Jack's game isn't exactly sour. He was up for the PGA even though he hadn't played much. Now he has the Slam incentive, the urge to overtake Jones in lifetime major cups (he has 11 to Jones' 13) and the notion of tying Palmer's record of four Masters victories (Nicklaus has three). Like Palmer, Nicklaus can reach the par 5s in two, which in turn can reduce Augusta's par from 72 to 68—for them. There are those who are annoyed by this, but they forget that long, accurate driving is the first requirement. The course is giving them nothing.
Player, too, is ready. He has, rather remarkably, won seven of his last 12 tournaments, including five out of seven abroad before coming over for the PGA. Player gets a face-lift at Augusta like everyone else. In his 14 visits to Georgia, he's been in the low eight 10 times. Why? Same as Palmer. Player says, "Only a dead man can't feel the urgency of wanting to play well there."
Then there's Casper, who finally won the Masters last year in his 14th bid. Although appearing in only seven events this winter, he finished second three times, including a closing rush at Nicklaus in the PGA—a biggie—and he has yet to be out of the low 25 anywhere.
"That's quite a club to be a member of," Casper says of his 1970 Masters win. "I was beginning to think I'd never do it, but now that I have I feel I can always play well there. I think my game's as good as it's ever been."

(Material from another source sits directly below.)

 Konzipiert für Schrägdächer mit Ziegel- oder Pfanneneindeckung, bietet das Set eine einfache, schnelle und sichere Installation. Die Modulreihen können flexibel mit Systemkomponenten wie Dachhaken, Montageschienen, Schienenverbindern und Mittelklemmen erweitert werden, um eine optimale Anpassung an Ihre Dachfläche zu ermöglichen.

And so is the course—as good as ever.
Substantially, Augusta National is the same layout it was four decades ago, except that the trees have grown larger and some greens have been raised and others lowered and a couple moved, such as the 10th and 16th. The back nine was the front nine originally, but when Jones and Roberts recognized the dramatic potential of all that water over there and saw it was a tougher nine, they changed it around in 1933, before the first tournament was played.

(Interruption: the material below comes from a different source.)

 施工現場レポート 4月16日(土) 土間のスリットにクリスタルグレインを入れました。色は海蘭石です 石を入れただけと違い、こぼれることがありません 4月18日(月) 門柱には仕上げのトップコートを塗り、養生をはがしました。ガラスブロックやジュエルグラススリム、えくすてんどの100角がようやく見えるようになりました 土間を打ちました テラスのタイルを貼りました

The scoring potential has never actually changed, according to Cliff Roberts, the only chairman Augusta has ever had. "We have tightened the course," he says. "It is certainly not as wide open as it was. However, this is offset now by the course being in much better condition." The greens are slower than they once were, but certain holes are longer and some demand more accurate driving.
Last year Augusta's most popular hole, the double eagle 15th, turned up with its tee moved back and to the right and with two huge mounds—an elephant burial ground, somebody called them—on the right, just where many tee shots used to come to rest. Reason: too many golfers had been reaching the 15th green in two.
"We tightened up 15 in order to justify its continued classification as a par 5," Roberts explained, "and to protect the authenticity of Gene Sarazen's double eagle."
The change was drastic, but the hole became a more genuine par 5. This year the elephant mounds have come down, to be replaced by a series of less obtrusive but equally effective little mounds. "Chocolate drops," Roberts calls them. Hopefully, the ideal has been achieved. It's a tougher driving hole than it used to be, and the old gambling aspects of it have been retained: the chance to hit over the water on your second shot and gain ground. On Nicklaus or Palmer or Player or Casper.
Never have the names seemed more eager for the Masters or looked as sharp. And the course is there waiting, elegant as ever.
So? Right. Looks like a Gibby Gilbert week from here.